[The data]
○ ○ ○ ○

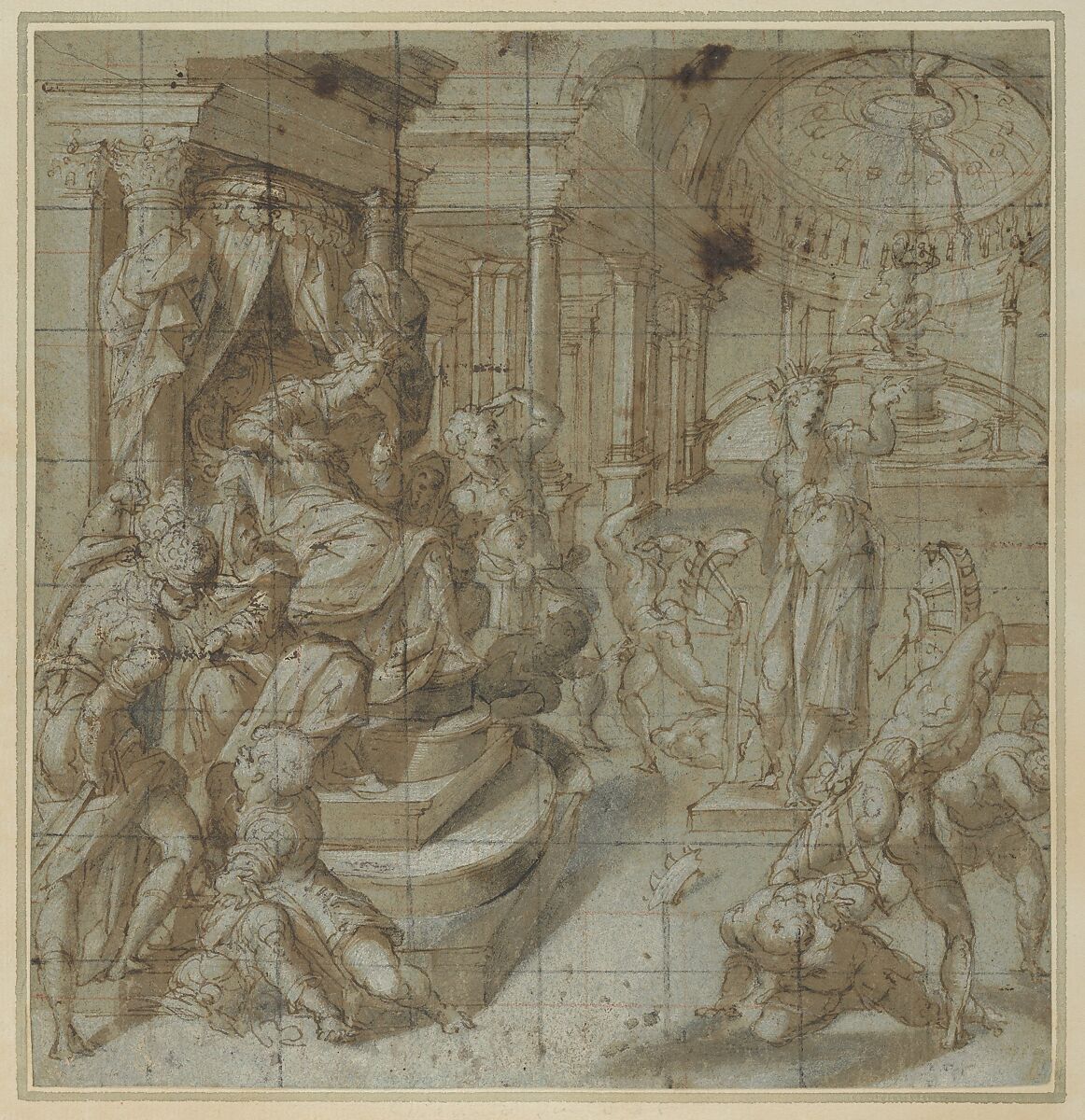 - Medium: Pen and brown ink, brush and brown wash, highlighted with white gouache, over traces of black chalk, and squared in black and red chalk
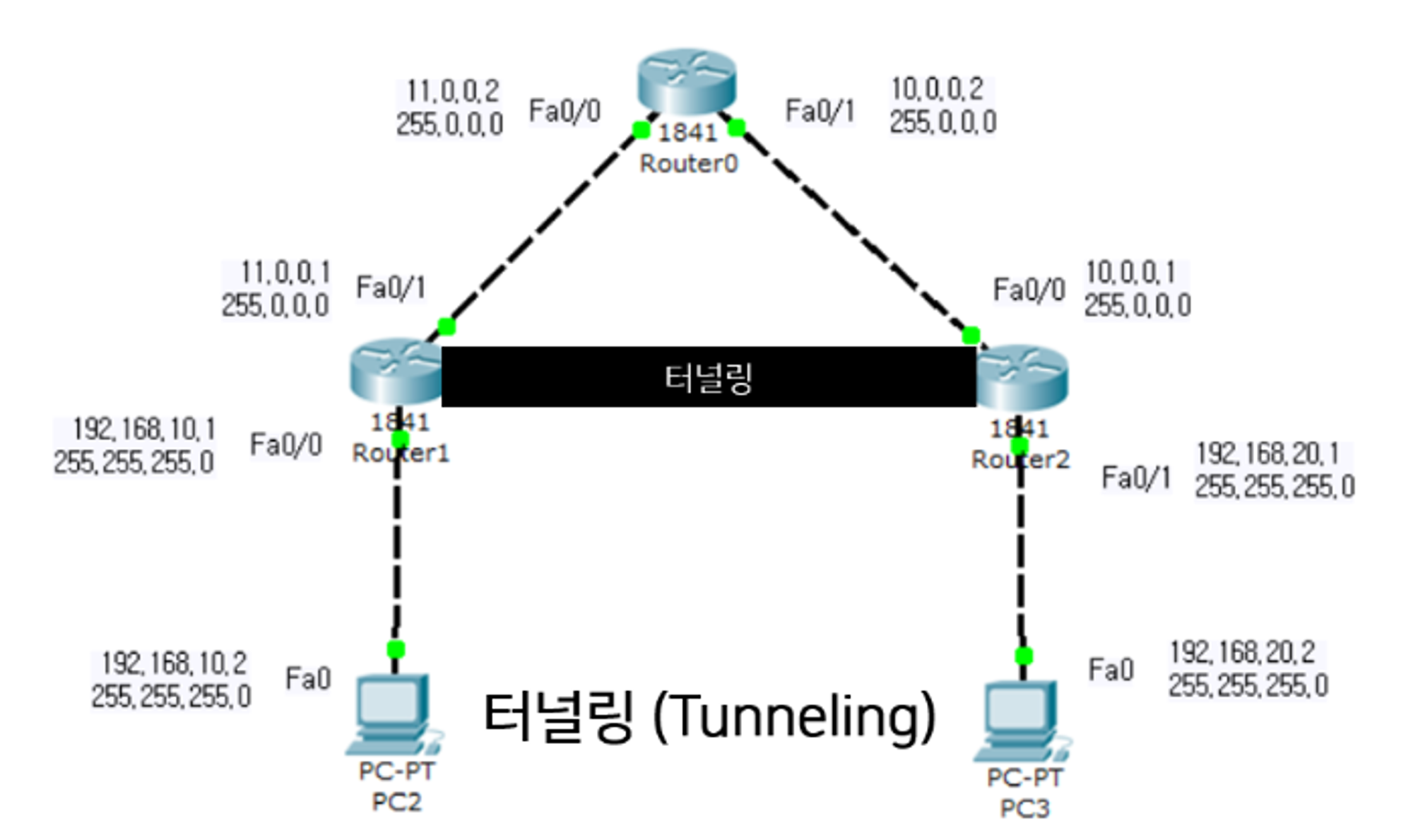 패킷 내에 터널링할 대상을 캡슐화 시켜 목적지까지 전송
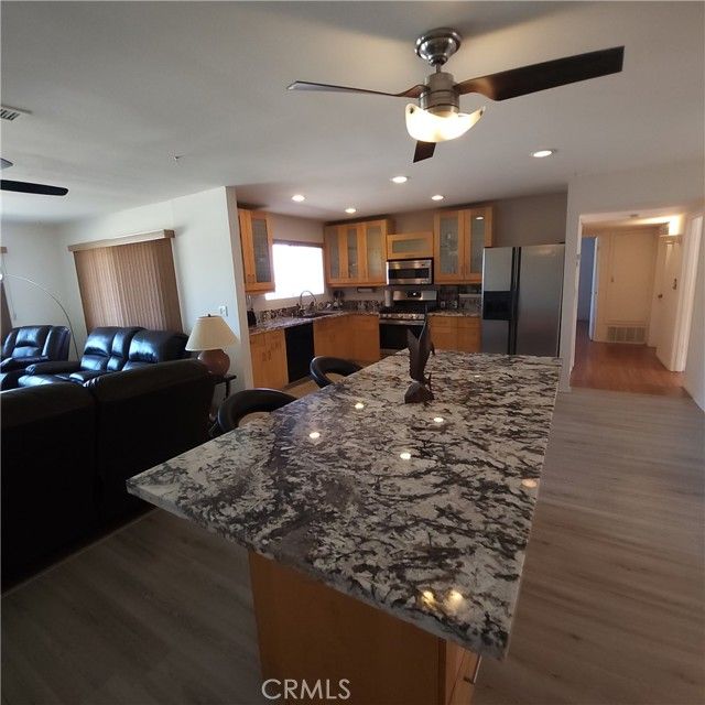 Best in Show! Stunning 55+ View Home in Menifee’s Sun City! Discover unparalleled curb appeal and prime location in this breathtaking 2-bed, 2-bath masterpiece, nestled on a sprawling lot with RV parking potential in a vibrant 55+ community. This home is a rare gem, blending modern elegance with an unbeatable lifestyle! Step into an open-concept haven featuring a bright living room, dining area, cozy family room with a fireplace, and a theater/media room with built-in speakers and sliders to a covered patio—perfect for entertaining. The updated kitchen dazzles with granite counters, a large freestanding island/breakfast bar with cabinetry and wine cooler, sleek frosted glass cabinets, and newer stainless steel appliances. Newer flooring and ceiling fans flow throughout, stained glass entry door and new vinyl windows, sliding doors and recessed lighting enhancing the home’s fresh, modern vibe. Marvel at stunning views through the family room’s expansive picture window, and unwind in the serene ambiance of no rear neighbors. The spacious, air-conditioned two-car garage and huge laundry/utility room add convenience and versatility. Outside, a low-maintenance front yard leads to a charming covered porch courtyard with a rock wall, ideal for relaxing in this peaceful neighborhood. The large side yard includes a large storage shed with a fenced in dog run and ample space for RV storage, in the rear yard enjoy that gorgeous view from a covered patio and there is a large water feature and plenty of space for a pool. Other features is the updated AC and furnace unit and a Moen water system to prevent flooding. Perfectly situated on one of Sun City’s best streets, you’re minutes from grocery stores, shopping centers, restaurants, easy access to the 215 Freeway, biking trails and the Sun City Civic Center, boasting two pools, spa, fitness center, a pickleball court, shuffleboard, billiard hall, etc and a lively clubhouse with endless activities. This is the 55+ home you’ve been dreaming of—don’t wait! Submit your offer and seize this rare opportunity before it’s gone!
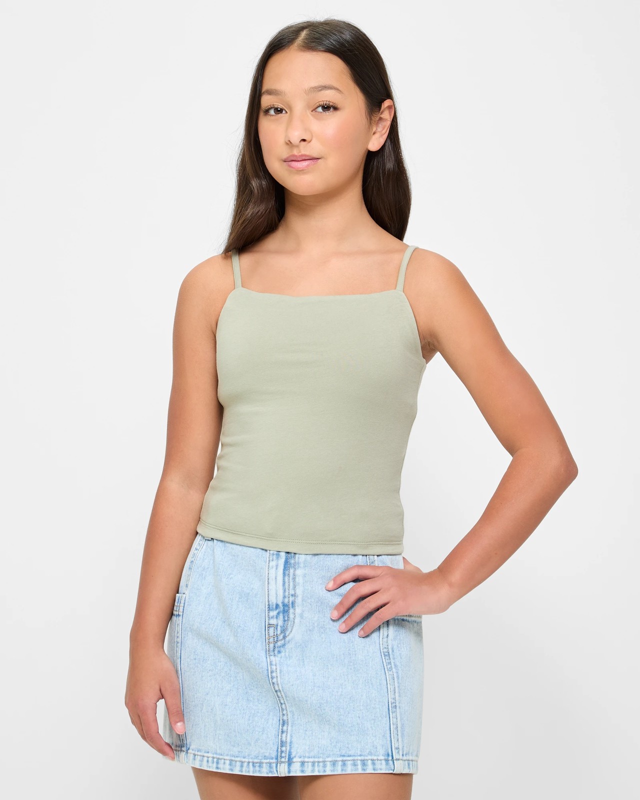 Indulge in retro-inspired comfort with our Essential '90's Singlet. Crafted from a soft, stretchy cotton blend, featuring a slightly cropped length, and spaghetti straps for a touch of nostalgia. Fully lined for extra support with a stylish square neckline and a clean straight hem, making her feel effortlessly cool and casual. Embrace a timeless look and feel confident in our versatile design that pairs perfectly with high-waisted bottoms for a fun and easy style. Don't miss out on bringing a touch of the '90's to her wardrobe today!

○ ○ ○ ○

[What you need to do] With the pictures omitted, the material is to be transcribed exactly.

[Expected answer]
 - Medium: Pen and brown ink, brush and brown wash, highlighted with white gouache, over traces of black chalk, and squared in black and red chalk
 패킷 내에 터널링할 대상을 캡슐화 시켜 목적지까지 전송
 Best in Show! Stunning 55+ View Home in Menifee’s Sun City! Discover unparalleled curb appeal and prime location in this breathtaking 2-bed, 2-bath masterpiece, nestled on a sprawling lot with RV parking potential in a vibrant 55+ community. This home is a rare gem, blending modern elegance with an unbeatable lifestyle! Step into an open-concept haven featuring a bright living room, dining area, cozy family room with a fireplace, and a theater/media room with built-in speakers and sliders to a covered patio—perfect for entertaining. The updated kitchen dazzles with granite counters, a large freestanding island/breakfast bar with cabinetry and wine cooler, sleek frosted glass cabinets, and newer stainless steel appliances. Newer flooring and ceiling fans flow throughout, stained glass entry door and new vinyl windows, sliding doors and recessed lighting enhancing the home’s fresh, modern vibe. Marvel at stunning views through the family room’s expansive picture window, and unwind in the serene ambiance of no rear neighbors. The spacious, air-conditioned two-car garage and huge laundry/utility room add convenience and versatility. Outside, a low-maintenance front yard leads to a charming covered porch courtyard with a rock wall, ideal for relaxing in this peaceful neighborhood. The large side yard includes a large storage shed with a fenced in dog run and ample space for RV storage, in the rear yard enjoy that gorgeous view from a covered patio and there is a large water feature and plenty of space for a pool. Other features is the updated AC and furnace unit and a Moen water system to prevent flooding. Perfectly situated on one of Sun City’s best streets, you’re minutes from grocery stores, shopping centers, restaurants, easy access to the 215 Freeway, biking trails and the Sun City Civic Center, boasting two pools, spa, fitness center, a pickleball court, shuffleboard, billiard hall, etc and a lively clubhouse with endless activities. This is the 55+ home you’ve been dreaming of—don’t wait! Submit your offer and seize this rare opportunity before it’s gone!
 Indulge in retro-inspired comfort with our Essential '90's Singlet. Crafted from a soft, stretchy cotton blend, featuring a slightly cropped length, and spaghetti straps for a touch of nostalgia. Fully lined for extra support with a stylish square neckline and a clean straight hem, making her feel effortlessly cool and casual. Embrace a timeless look and feel confident in our versatile design that pairs perfectly with high-waisted bottoms for a fun and easy style. Don't miss out on bringing a touch of the '90's to her wardrobe today!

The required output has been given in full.